Misinformation is getting worse
Technologists have long dreamed of building machines that converse as nimbly as humans. Early practitioners famously underestimated the magnitude of the challenge. Yet in 2019, we appear to be mere steps from the goal. The world’s dominant technology players are rushing to create software — whether intelligent or not — that can both converse and write as effectively as humans.
So, what’s the problem? We are not adequately prepared to address the hazards that could come with our successful launch of conversational machines. To anticipate the challenges ahead, it helps to take a quick look at the underlying technologies.
Amazon is certainly at the forefront of the voice assistant industry, and executives on the Amazon Alexa team are candid about their aim to make Alexa more conversational. The Seattle company started the Alexa Challenge three years ago to motivate the best and brightest academic teams. Their goal is to make Alexa more effective in “open domain conversations,” meaning discussions that roam freely across topics.
The coming era of proficient talking and writing machines holds many challenges that few seem to be seriously addressing. Here is a small list to ponder:
- How do we ensure improved conversational technologies don’t result in a new generation of pernicious and convincing fake-news bots?

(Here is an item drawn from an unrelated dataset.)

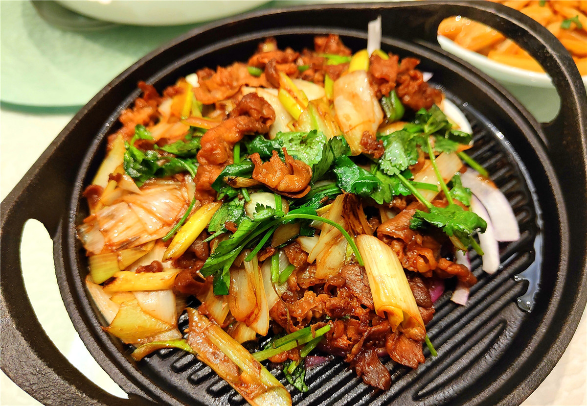 章丘大葱爆羊肉是饭桌上最受欢迎的一道菜,特别是章丘大葱的脆甜留给人们深刻的印象。
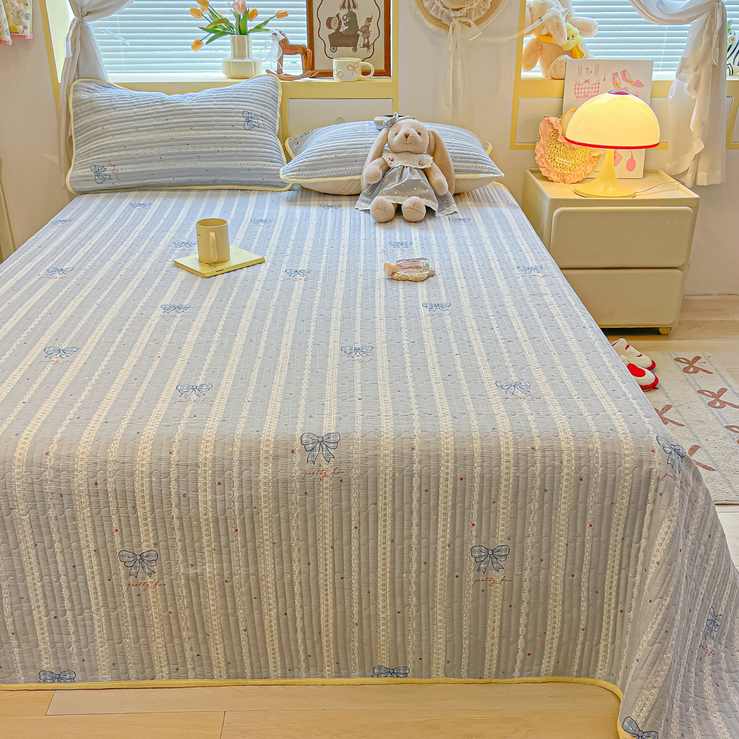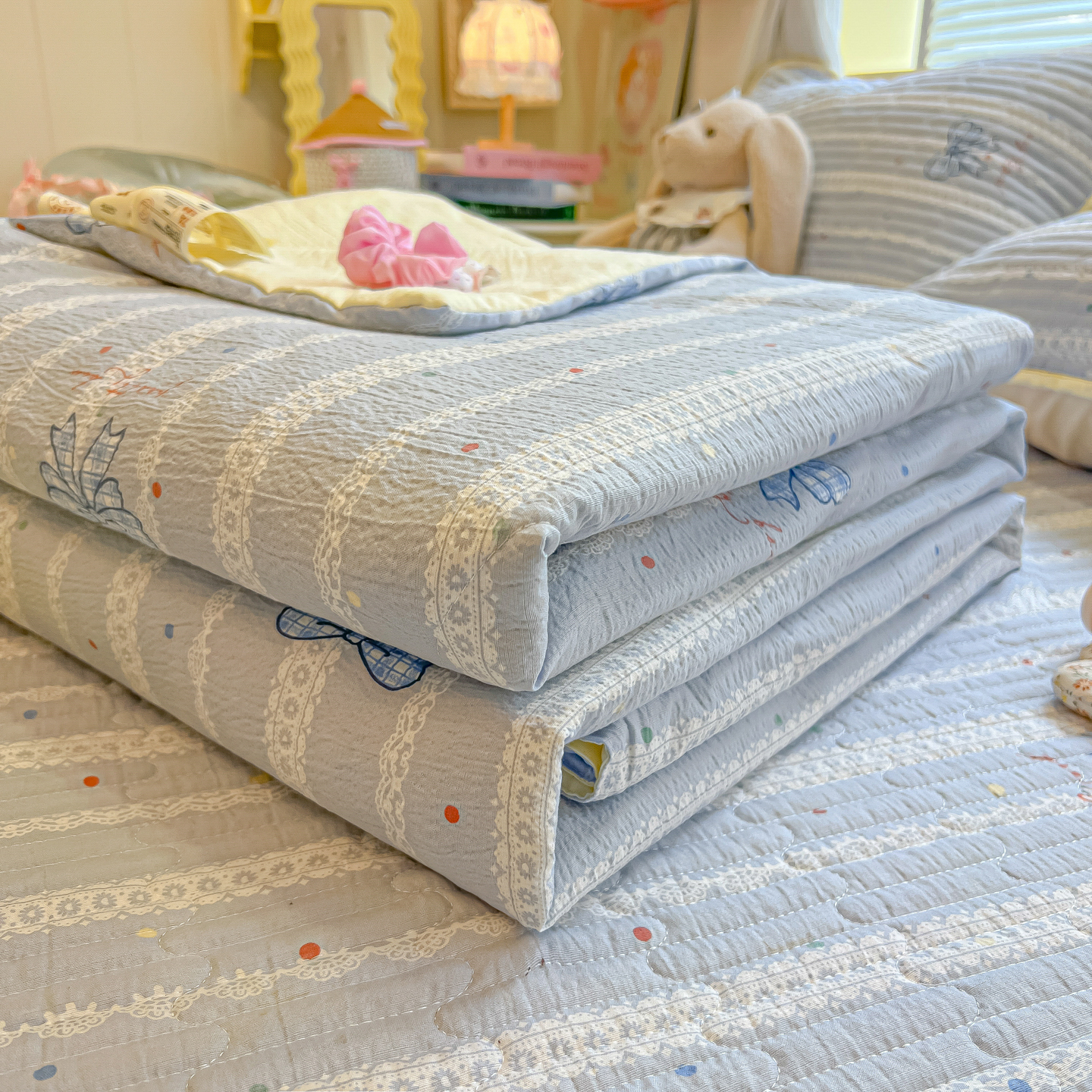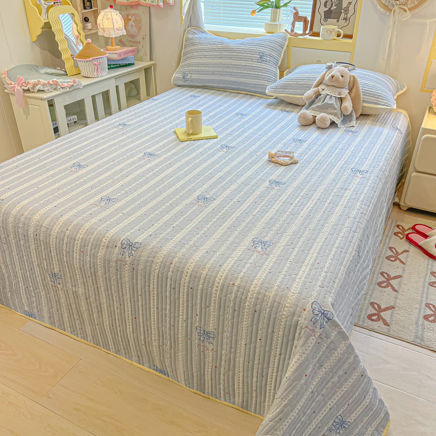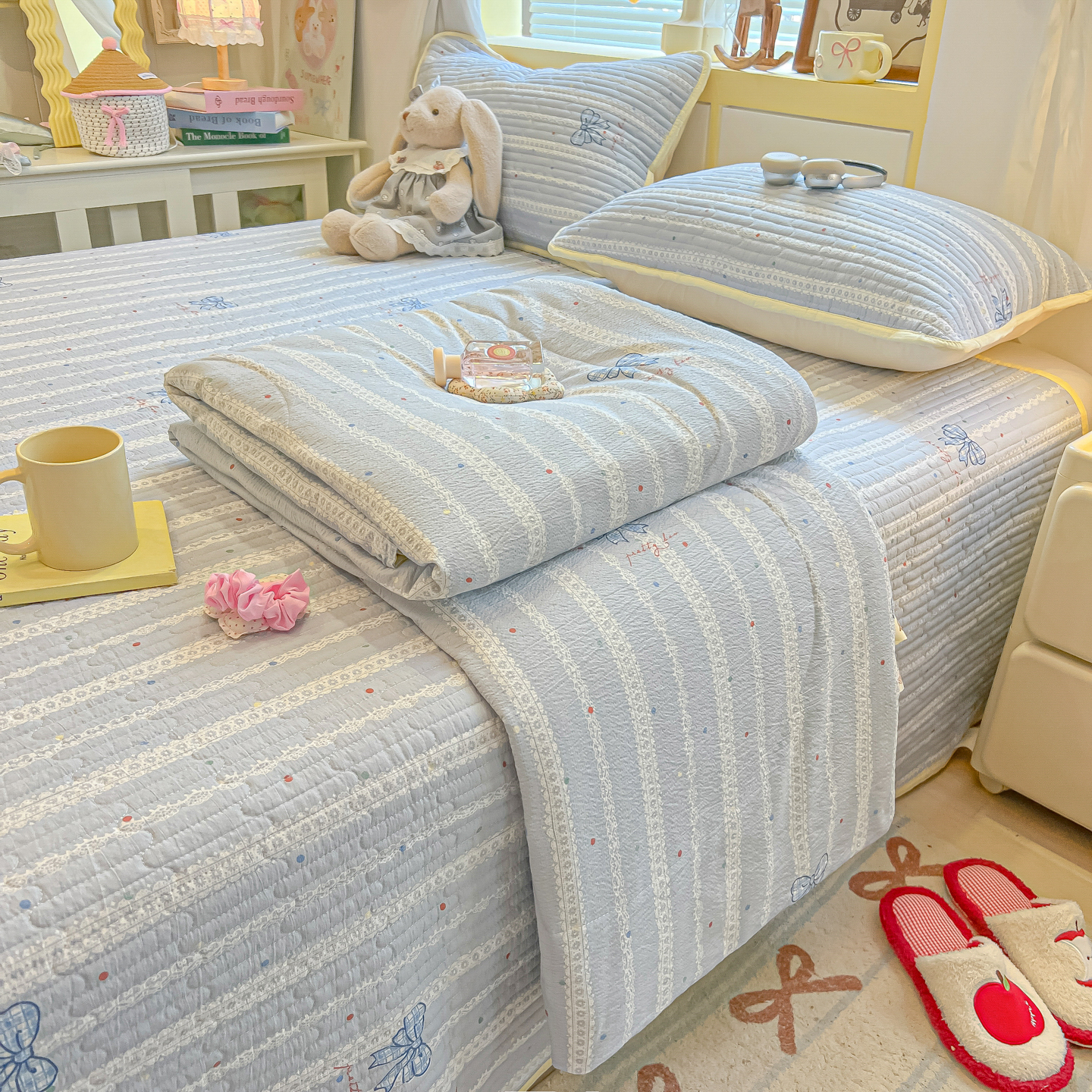 • 91家纺网 家纺一手货源 找家纺 乐逸家纺  2026新款A类云感双层纱夏被床盖四件套 夏日条纹

- How do companies protect themselves from rogue bots speaking on their behalf? The most often cited example is Microsoft’s Tay, which notoriously stumbled by mimicking extremely inappropriate statements picked up from malicious interlocutors.
- How can we avoid scenarios in which machines try to please us by telling us only the things we want to hear? Deep Mind released a study on recommendation engines, pointing out the role these systems play in creating echo chambers that wall a person off from different viewpoints.
- What methods can we employ to prevent verbose machines from dragging all human discourse down to the lowest common denominator? Recall that software used to generate automated responses relies heavily on datasets of the most mundane human-generated content and conversations.
It should no longer come as a surprise that every technology created by humans comes with pros and cons. As we race headlong into the era of conversational machines, it’s time to start thinking about their cons, and designing tools to combat them.